At the genus level, in addition to the 171 common species, the MHT+ group exhibited a significantly higher number of unique species (122) compared to the MHT– group (22). In order to explore potential discrepancies in gut microbiota composition based on women's hormone-replacement therapy status, we conducted a comparative analysis of the gut microbiota composition between the two groups at both the phylum, and genus level. Firmicutes was the most prevalent phylum in the microbiome of both groups. In MHT+ group, Actinobacteriota was the second most prevalent phylum, and followed by Bacteroidota and Proteobacteria. Conversely, in the MHT- group, Proteobacteria was the second most prevalent phylum, followed by Actinobacteriota and Bacteroidota. A notable increase in the abundance of Verrucomicrobiota and Desulfobacterota at the phylum level was observed in the MHT+ group relative to the MHT- group. The relative abundances of Proteobacteria was higher in the MHT– than MHT+, but not significant statistically. At the genus level, the relative abundances of Escherichia-Shigella was significantly higher in the MHT– group, whereas norank_o_Clostridia_UCG-014, Coprococcus, Eubacterium_ruminantium_group, norank_f_Oscillospiraceae, Eubacterium_eligens_group, Family_XIII_AD3011_group, Eubacterium_siraeum_group, UBA 1819, Lachnospiraceae_UCG-010 were significantly more abundant in the MHT+ group (Figures 3A–C). Further, linear discriminant analysis effect size (LEfSe) demonstrated an obvious difference existing between the two groups. An increased abundance of Escherichia-Shigella, Veillonelales-Selenomonadales, Megamonas, Oribacterium, norank_f_Saccharimonadaceae was observed in the MHT– group, while Clostridia, norank_o_Clostridia, Coprococcus, Verrucomicrobiota, Coriobacteriales_Incertae_Sedis, Eubacterium_ruminantium_group, Eubacterium_siraeum_group, norank_f_Oscillospiraceae were more abundant in the MHT+ group (Figures 3D, E).

Figure 3

Figure 3. Gut microbiota composition from MHT+ and MHT- groups. (A) Gut microbiota at phylum level. (B) Gut microbiota at genus level. (C) Venn diagram for species composition analysis. (D) Bar chart of LDA value distribution in linear discriminant analysis effect size (LEfSe). (E) Evolutionary branch diagram of differential intestinal microbiota. CG, control group (MHT–); HT, hormone treatment (MHT+).
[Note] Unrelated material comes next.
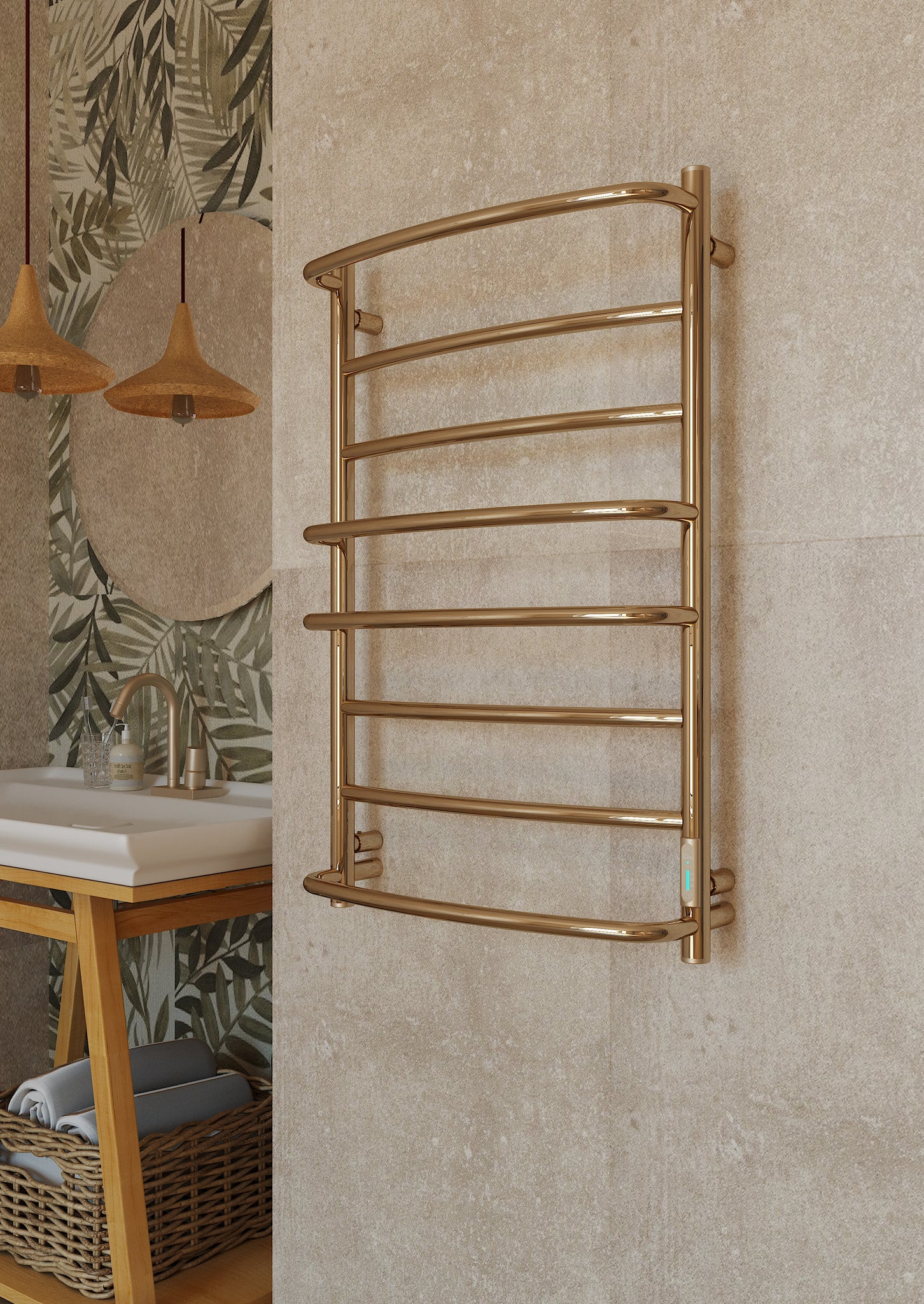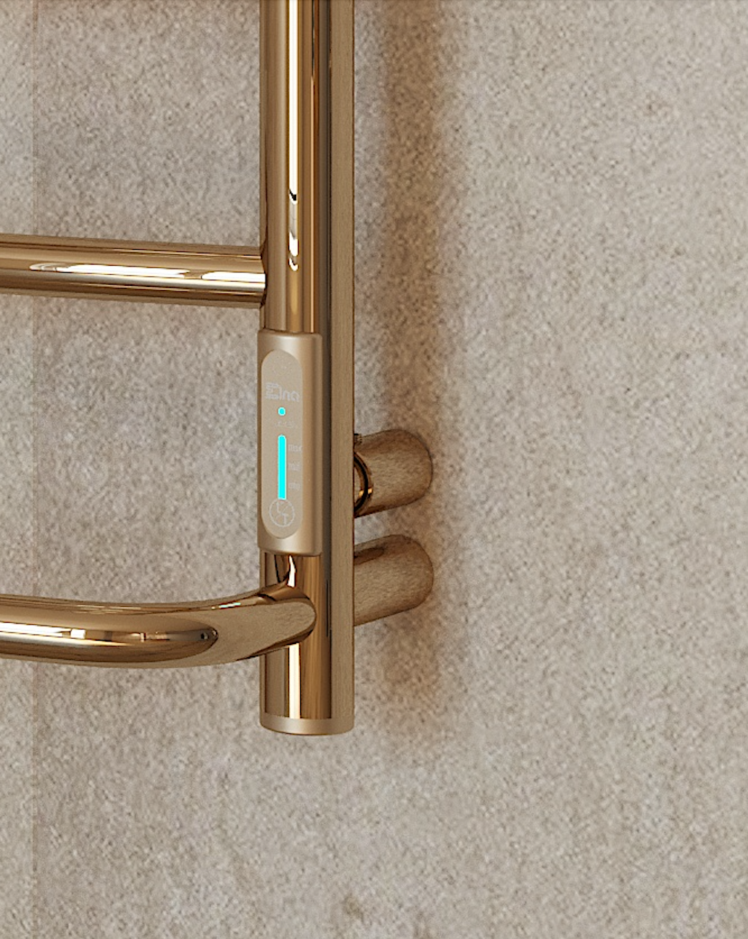Following global interior design trends, we have added a bathroom heater with a beautifully glossy gold coating for consumers who prefer warm metallic tones to our assortment. The electric bathroom dryer is made of stainless steel, and its surface is gold-plated using the PVD method. The perfectly polished gold coating maintains its technical characteristics for decades, and the mirror-like surface in an elegant golden shade enhances the luxurious atmosphere of the bathroom interior.

Correlations between the bacteria and clinical indexes

The relationships among various bacterial species, BTMs, and other clinical parameters were assessed by Spearman correlation analysis. The findings revealed that Clostridia_UCG-014 and Coprococcus exhibited a significant negative correlation with CTX and P1NP, suggesting a potential protective role in bone health. The correlation strength was moderate (−0.06 < R < −0.04). Additionally, these genera showed a positive correlation with serum E2 levels and BMC as well as BMD at the LS and FN, although not statistically significant. Other genera including Lachnospiraceae_NC2004_group and Eubacterium eligens group demonstrated similar trends in their correlations with these indexes, albeit with weaker correlation strength.
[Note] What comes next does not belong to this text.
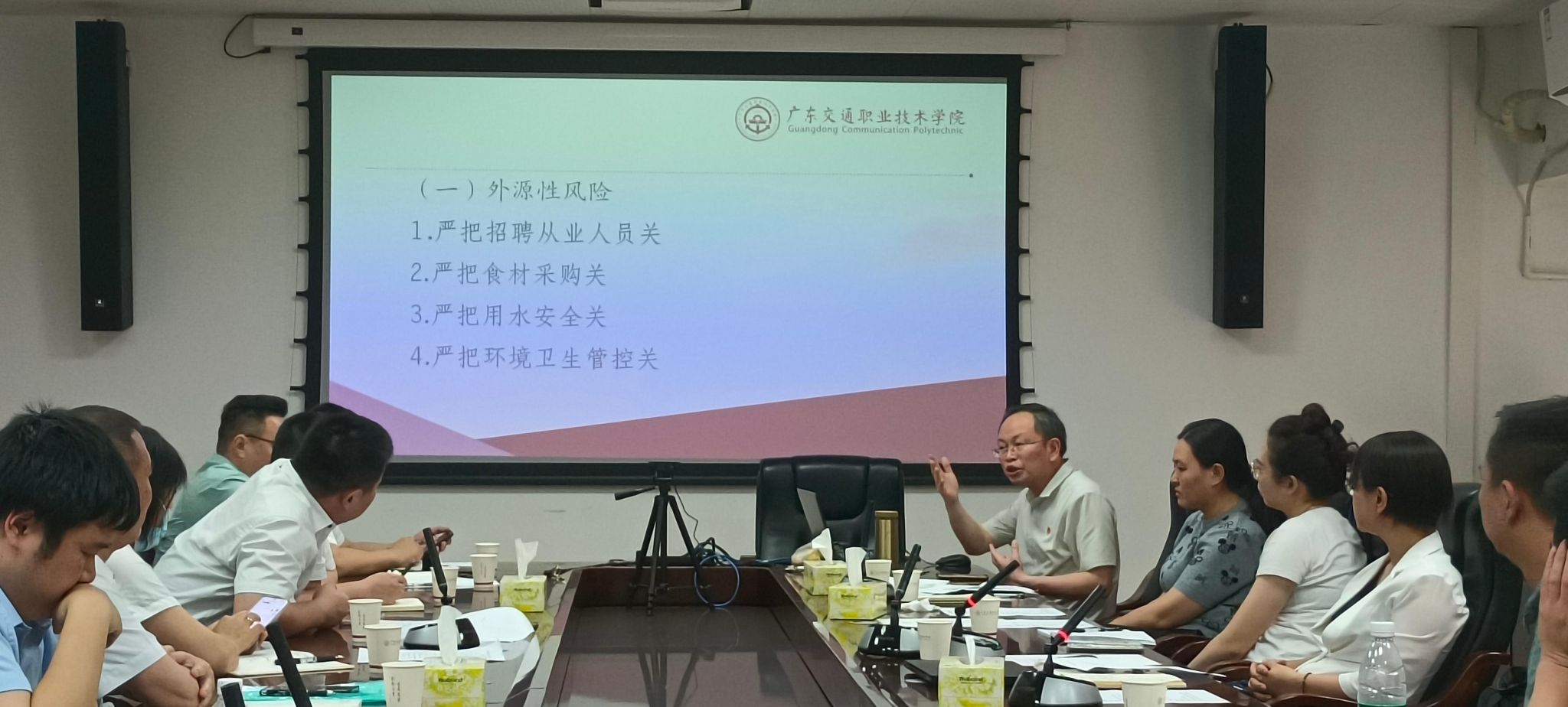 邱文祥副院长解读了《广东省校园食品安全职责》文件精神,以《突出重点,把握关键,强化食堂食品安全风险防控》为题,为大家讲解了食品安全外源性风险、内源性风险、舆情性风险的防控关键点,并根据省教育厅等六部门联合开展为期半年的排查整治专项行动方案,对食品安全工作作了进一步部署,提出相关要求:一是要不断加强从业人员对食品安全相关法律法规的学习,严格执行食品安全的各项管理制度;二是各餐饮公司要严控供应原材料,从源头上杜绝食品安全事故发生;三是高度重视自查与整改,严格落实食品安全工作责任制,确保学校安全稳定。

In contrast, Escherichia-Shigella, which was significantly associated with infectious diseases, displayed a negative correlation with serum E2 and BMC, BMD at LS and FN, while positively correlating with CTX and P1NP (although not significantly). Another genera, Odoribacter, was strongly and negatively correlated with CTX and P1NP (P < 0.05), and correlated with LS BMD and FN BMD positively. A similar trend was observed for Colidextribacter. With the exception of Escherichia-Shigella, most of these genera also exhibited a strong association with serum E2 levels, regardless of statistical significance (Figure 4A) (Supplementary materials 1, 2).

Figure 4

Figure 4. Correlations between the bacteria and other indexes. (A) Relationship between intestinal flora and clinical indexes. (B) Relationship between intestinal flora and SCFAs. CG, control group (MHT-); HT, hormone treatment (MHT+). *0.01 < P ≤ 0.05, **0.001 < P ≤ 0.01, ***P ≤ 0.001.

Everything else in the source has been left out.